Exercise description — Omit the pictures and return every entry exactly as written.
++++ Records provided
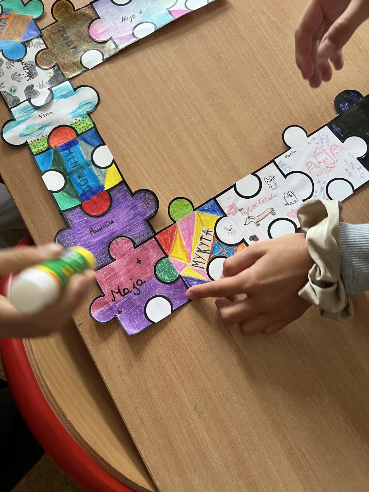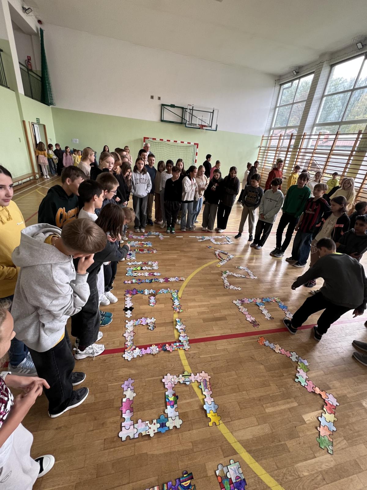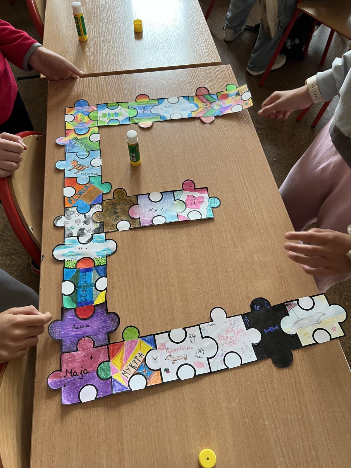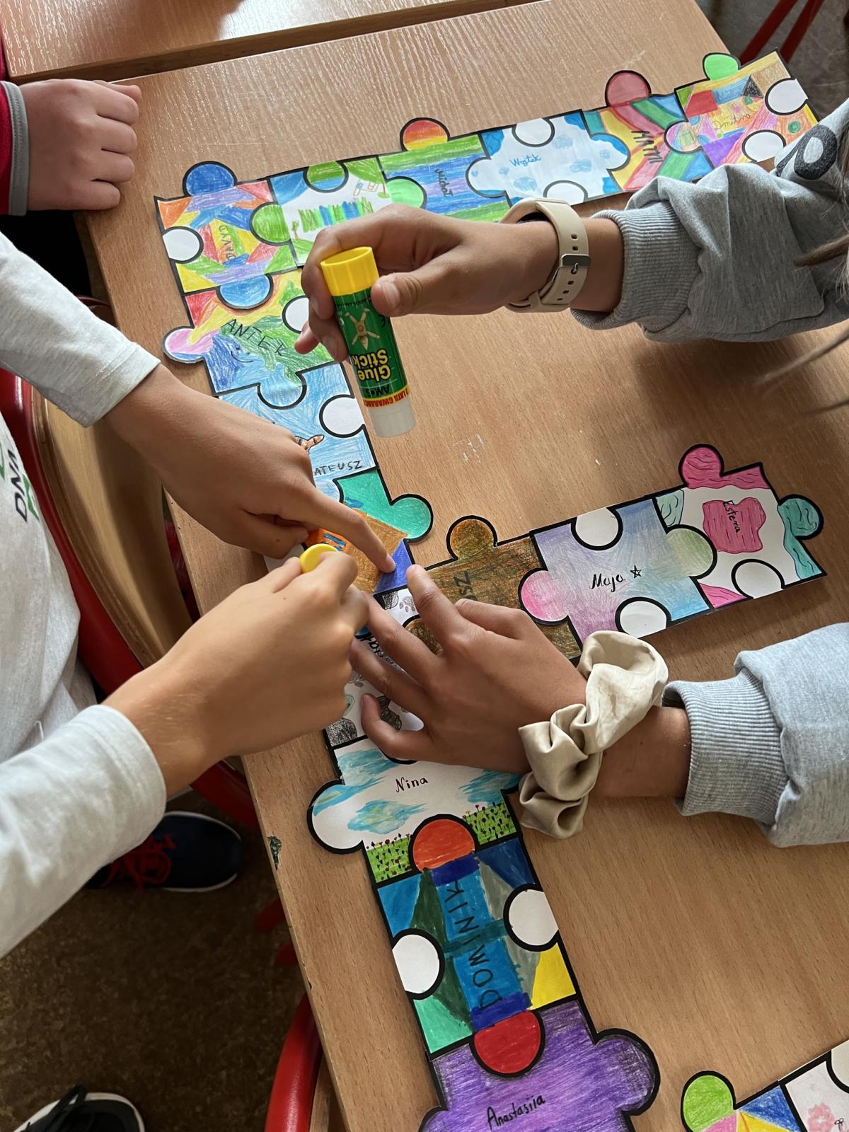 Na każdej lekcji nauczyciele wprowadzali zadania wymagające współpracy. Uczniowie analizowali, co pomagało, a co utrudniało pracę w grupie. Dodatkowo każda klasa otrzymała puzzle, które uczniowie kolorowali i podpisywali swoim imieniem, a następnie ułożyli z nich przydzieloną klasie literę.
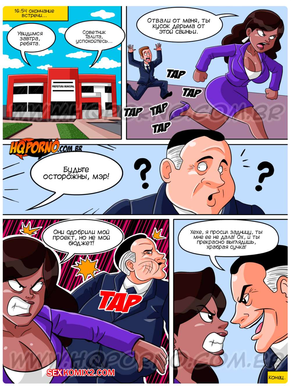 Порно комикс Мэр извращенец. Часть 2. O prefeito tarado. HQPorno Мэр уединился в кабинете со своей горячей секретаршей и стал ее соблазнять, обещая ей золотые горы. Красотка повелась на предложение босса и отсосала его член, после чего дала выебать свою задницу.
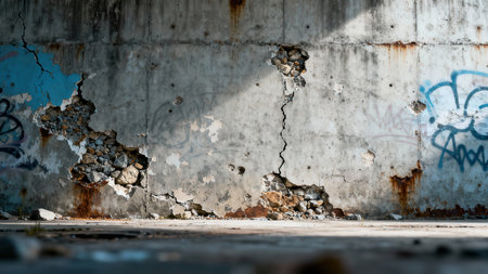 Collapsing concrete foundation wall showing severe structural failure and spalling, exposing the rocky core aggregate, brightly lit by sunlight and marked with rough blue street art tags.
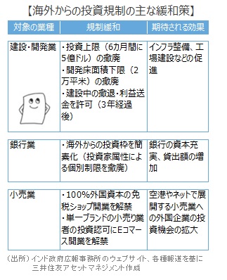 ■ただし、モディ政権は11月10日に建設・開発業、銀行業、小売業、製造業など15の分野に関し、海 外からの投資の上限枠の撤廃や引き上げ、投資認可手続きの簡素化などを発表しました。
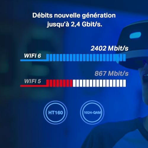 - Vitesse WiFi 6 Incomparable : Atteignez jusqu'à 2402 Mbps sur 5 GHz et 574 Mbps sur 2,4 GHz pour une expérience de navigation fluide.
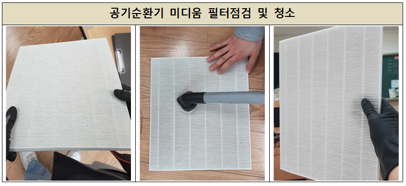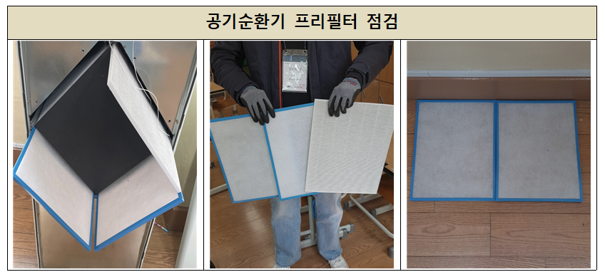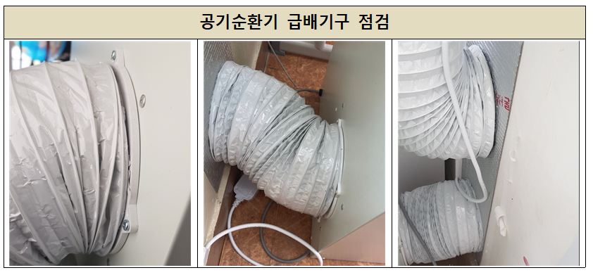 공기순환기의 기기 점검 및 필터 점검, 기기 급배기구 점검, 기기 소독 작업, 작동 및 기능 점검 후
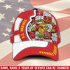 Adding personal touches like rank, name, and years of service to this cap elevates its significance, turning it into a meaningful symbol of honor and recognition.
++++++++
Solution to the problem —
 Na każdej lekcji nauczyciele wprowadzali zadania wymagające współpracy. Uczniowie analizowali, co pomagało, a co utrudniało pracę w grupie. Dodatkowo każda klasa otrzymała puzzle, które uczniowie kolorowali i podpisywali swoim imieniem, a następnie ułożyli z nich przydzieloną klasie literę.
 Порно комикс Мэр извращенец. Часть 2. O prefeito tarado. HQPorno Мэр уединился в кабинете со своей горячей секретаршей и стал ее соблазнять, обещая ей золотые горы. Красотка повелась на предложение босса и отсосала его член, после чего дала выебать свою задницу.
 Collapsing concrete foundation wall showing severe structural failure and spalling, exposing the rocky core aggregate, brightly lit by sunlight and marked with rough blue street art tags.
 ■ただし、モディ政権は11月10日に建設・開発業、銀行業、小売業、製造業など15の分野に関し、海 外からの投資の上限枠の撤廃や引き上げ、投資認可手続きの簡素化などを発表しました。
 - Vitesse WiFi 6 Incomparable : Atteignez jusqu'à 2402 Mbps sur 5 GHz et 574 Mbps sur 2,4 GHz pour une expérience de navigation fluide.
 공기순환기의 기기 점검 및 필터 점검, 기기 급배기구 점검, 기기 소독 작업, 작동 및 기능 점검 후
 Adding personal touches like rank, name, and years of service to this cap elevates its significance, turning it into a meaningful symbol of honor and recognition.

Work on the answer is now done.